### WHAT YOU SHOULD DO
All lines from the one that has "Newsbirds Leather Handbag" onward to the end of the records below are to be returned exactly; pictures are to be skipped.

### RECORD EXTRACTS

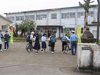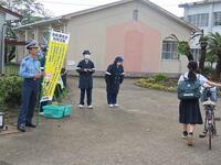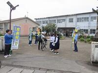 本日生徒の登校時に、交通安全協会の皆様にお越しいただき、交通安全キャンペーンを行いました。反射材やヘルメットの大切さ及び自転車のルールを知る大切さが書かれたチラシを配りました。自分の命は自分で守ることを意識して、安全に過ごしてほしいと思います。交通安全協会の皆様、ありがとうございました。
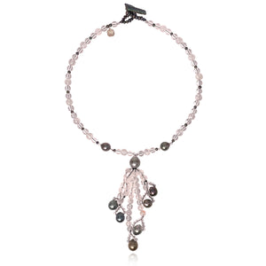 Black Tahitian Pearl & Rock Crystal 'Tsarina' Drop Necklace
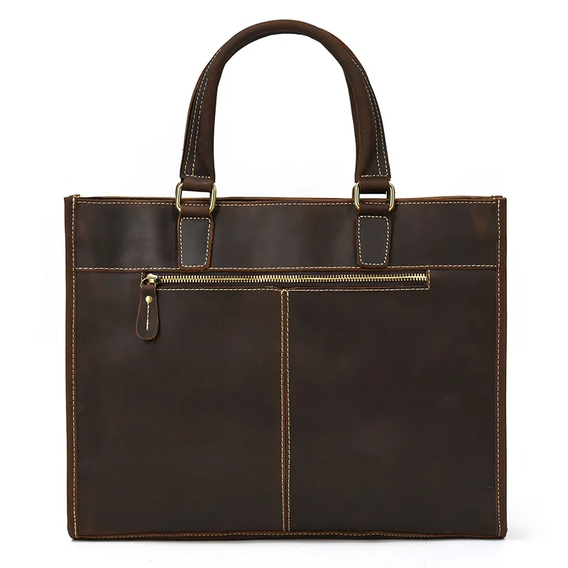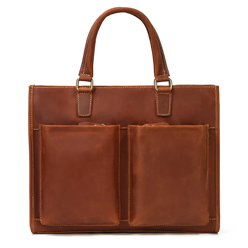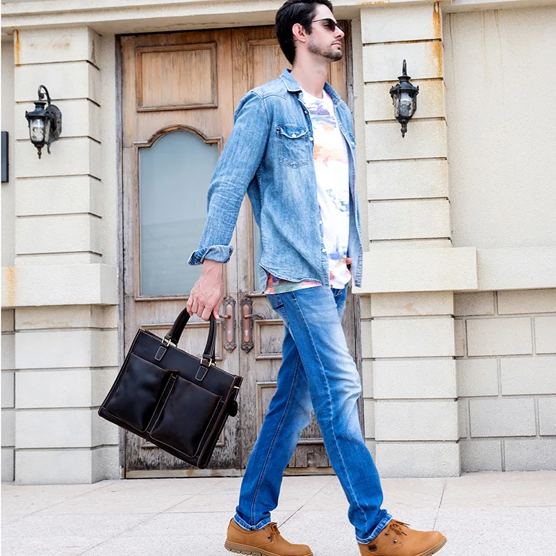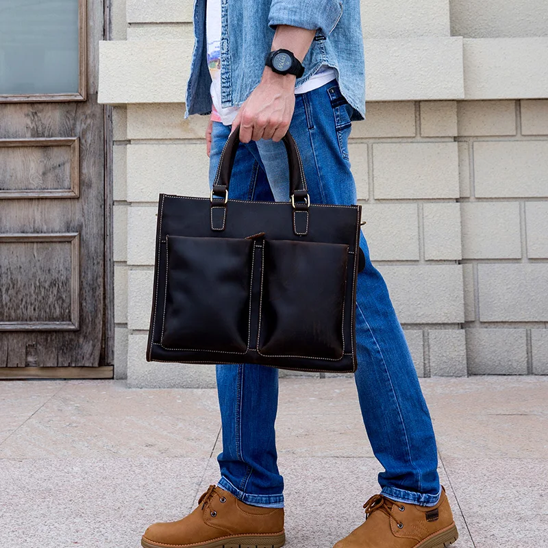 Newsbirds Leather Handbag Men 100% Cow Skin Briefcase With Shoulder Strap Laptop Handbag With 2 Front Pockets New Designer Bag
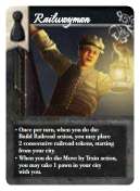 Once per turn, when you do the Build Railroad action, you may place two consecutive railroad tokens starting from your current city.
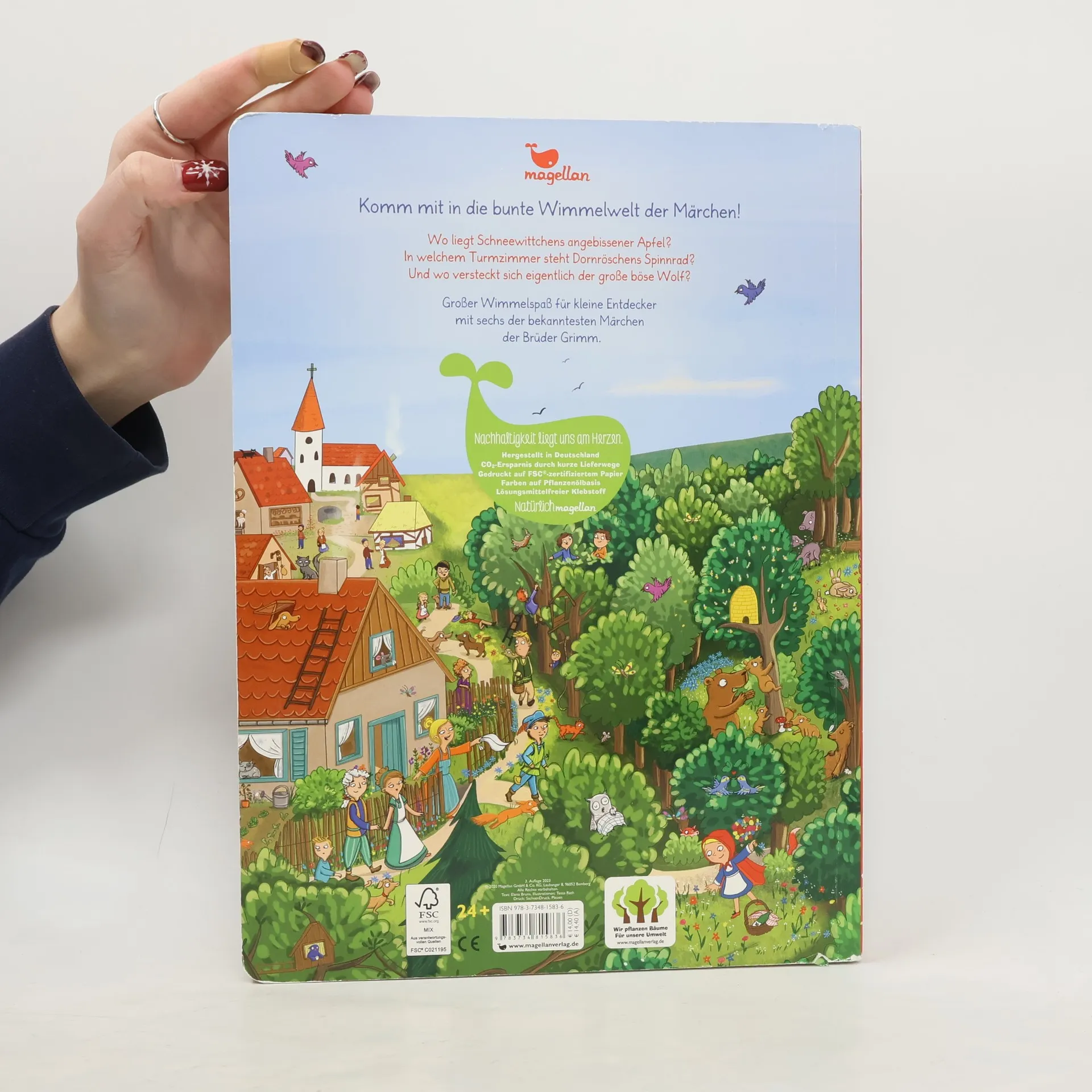 Dieses großformatige Wimmelmärchenbuch erzählt sechs bekannte Märchen der Brüder Grimm in detailreichen Bildern. Es bietet eine Bilderleiste zum Suchen zentraler Figuren und Gegenstände und enthält auf der letzten Doppelseite kurze Zusammenfassungen für eine Auffrischung der Märcheninhalte.

### TASK ANSWER
 Newsbirds Leather Handbag Men 100% Cow Skin Briefcase With Shoulder Strap Laptop Handbag With 2 Front Pockets New Designer Bag
 Once per turn, when you do the Build Railroad action, you may place two consecutive railroad tokens starting from your current city.
 Dieses großformatige Wimmelmärchenbuch erzählt sechs bekannte Märchen der Brüder Grimm in detailreichen Bildern. Es bietet eine Bilderleiste zum Suchen zentraler Figuren und Gegenstände und enthält auf der letzten Doppelseite kurze Zusammenfassungen für eine Auffrischung der Märcheninhalte.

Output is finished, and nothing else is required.